Выбрать главу
* * *
Съев у врага все шашки до последней, Ей агроном, зевая, возразил: «Увы, мы не Ринальдо Ринальдини,— Но вы слыхали, Лидия, не раз О тысячах погибших на войне Отважных до безумья русских людях? Да и в гражданской бойне, с двух сторон, Немало смелых сгинуло в сраженьях. О них тома бы можно написать, Которые не снились и Майн Риду. А наше бегство? Сколько нас, таких, Чей каждый шаг опаснее, пожалуй, Чем путешествие средь австралийских дебрей». Она взглянула на далекий холм. Косые капли вновь о стекла бились. «Все знаю, знаю… Бегство и война, Война и бегство… Шалая отвага.

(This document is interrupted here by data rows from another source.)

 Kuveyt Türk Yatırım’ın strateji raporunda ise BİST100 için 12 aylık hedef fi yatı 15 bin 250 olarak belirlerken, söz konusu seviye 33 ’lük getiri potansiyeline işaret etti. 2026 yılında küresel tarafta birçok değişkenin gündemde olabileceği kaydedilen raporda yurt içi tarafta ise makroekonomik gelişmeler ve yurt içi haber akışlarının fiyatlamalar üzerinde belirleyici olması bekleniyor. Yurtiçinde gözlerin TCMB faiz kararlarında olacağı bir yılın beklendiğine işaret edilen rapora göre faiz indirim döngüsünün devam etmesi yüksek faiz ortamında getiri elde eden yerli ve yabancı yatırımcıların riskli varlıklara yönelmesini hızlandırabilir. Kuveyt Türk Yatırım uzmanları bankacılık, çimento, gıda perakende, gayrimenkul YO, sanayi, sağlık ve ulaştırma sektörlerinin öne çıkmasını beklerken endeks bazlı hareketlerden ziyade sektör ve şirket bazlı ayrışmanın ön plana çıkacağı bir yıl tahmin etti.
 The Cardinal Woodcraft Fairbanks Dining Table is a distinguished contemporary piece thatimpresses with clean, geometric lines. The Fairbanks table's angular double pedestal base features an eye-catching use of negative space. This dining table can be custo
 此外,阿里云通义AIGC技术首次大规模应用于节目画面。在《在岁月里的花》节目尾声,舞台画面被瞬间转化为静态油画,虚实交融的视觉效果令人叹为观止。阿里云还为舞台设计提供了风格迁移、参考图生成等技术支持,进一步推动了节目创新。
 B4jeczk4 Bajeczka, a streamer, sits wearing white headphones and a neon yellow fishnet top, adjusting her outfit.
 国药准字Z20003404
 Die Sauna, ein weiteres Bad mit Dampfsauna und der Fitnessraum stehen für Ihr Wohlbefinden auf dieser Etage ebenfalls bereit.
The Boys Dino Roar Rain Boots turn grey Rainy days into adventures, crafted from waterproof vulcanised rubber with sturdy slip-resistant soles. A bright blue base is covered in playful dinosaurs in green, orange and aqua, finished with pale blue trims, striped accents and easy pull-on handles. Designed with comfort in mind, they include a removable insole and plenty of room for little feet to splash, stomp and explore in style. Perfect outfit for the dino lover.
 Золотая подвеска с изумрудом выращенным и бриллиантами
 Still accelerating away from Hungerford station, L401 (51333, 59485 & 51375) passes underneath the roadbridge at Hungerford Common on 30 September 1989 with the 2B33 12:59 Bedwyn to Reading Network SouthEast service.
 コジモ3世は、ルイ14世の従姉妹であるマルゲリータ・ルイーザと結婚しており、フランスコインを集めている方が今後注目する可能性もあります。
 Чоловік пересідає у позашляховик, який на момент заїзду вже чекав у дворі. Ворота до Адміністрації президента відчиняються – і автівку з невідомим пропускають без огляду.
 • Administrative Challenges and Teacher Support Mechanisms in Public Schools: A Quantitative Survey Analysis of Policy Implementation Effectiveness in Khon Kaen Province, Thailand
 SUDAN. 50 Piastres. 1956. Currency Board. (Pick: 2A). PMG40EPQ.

Костер до неба, через день — горсть пепла, Все — судьи, и никто не виноват…»
* * *
Допив холодный чай свой, адвокат Протер пенсне и с кротким сожаленьем (Так с дамами всегда он говорил, Когда они пускались в рассужденья) Сказал: «О чем вы спорите, — не знаю. Принципиально — я белобилетник Во всех военных и гражданских войнах. Я не эксперт — кто храбр и кто не храбр. Но если б ваш герой-американец Обыкновенным был совдепским смертным И где-нибудь в Москве на Вшивой горке Подвергся вдруг ночному нападенью — И браунинг отважно в ход пустил, То, смею думать, в случае успеха Его б постигла все же злая участь: Примчавшийся на выстрелы патруль Героя вашего ухлопал бы на месте За… незаконное ношение оружья… Все это принимая во вниманье, Пожалуй, он бы там не защищался, А как и все — покорный, как баран, Уныло б поднял обе лапы кверху…» Рассматривая плачущую даль, Она ему ни слова не сказала… Опять лишь стены поняли ее. Опять три правды… Этот краснобай, Практичный трус, влюбленный лишь в себя, Ведь тоже прав с своей ужасной правдой… Размытой глины рваные зигзаги Желтели под дымящимся дождем, И даль была так тускло-безнадежна, Что серые, печальные глаза Невольно позавидовали трупу, Лежавшему в песчаном углубленье Недвижным и сереющим клубком.
* * *
В тот день американец, как всегда, В свой ресторан отправился обедать. Когда он наклонился над тарелкой, К нему слуга неслышно подошел И положил на стол хрустящий сверток. Он развернул холодную бумагу И удивленно опустил глаза: Средь чайных роз таинственно белел Клочок картона с именем его И надписью косою по-французски: «От русской девушки». И больше ничего. Американец добродушно усмехнулся, Понюхал розы, повертел записку И снова наклонился над тарелкой, Дымившей паром в бритое лицо.
<1923>

Яблоки*

На рогатинах корявых ветви грузные лежат. Гроздья яблок нависают, как гигантский виноград… Их весь день румянит солнце, обвевает ветерок, И над ними сонно вьется одуревший мотылек. А внизу скосили травы, сохнет блеск густых рядов, И встревоженные пчелы ищут, жалуясь, цветов… Сколько яблок! В темных листьях сквозь узлы тугих сетей Эти — ярче помидоров, те — лимонов золотей. Подойдешь к тяжелой ветке и, зажмуривши глаза, Дух их радостный вдыхаешь, как хмельная стрекоза… Посмотри! Из-под забора поросята влезли в сад — Приманил и их, как видно, духовитый аромат: Оглянулись вправо-влево, как бы не было беды, И накинулись гурьбою на опавшие плоды. Ходят ноги, ходят уши, ходят хвостики винтом, А взволнованная кошка притаилась за кустом… Непонятно ей и странно: разве яблоки еда? В синем небе сонно тает белоснежная гряда. И до самого забора, до лохматой бузины Гроздья яблонь расцветили тень зеленой глубины. Пахнет осенью и медом, пахнет яблочным вином. Петушок веселым басом распевает за гумном…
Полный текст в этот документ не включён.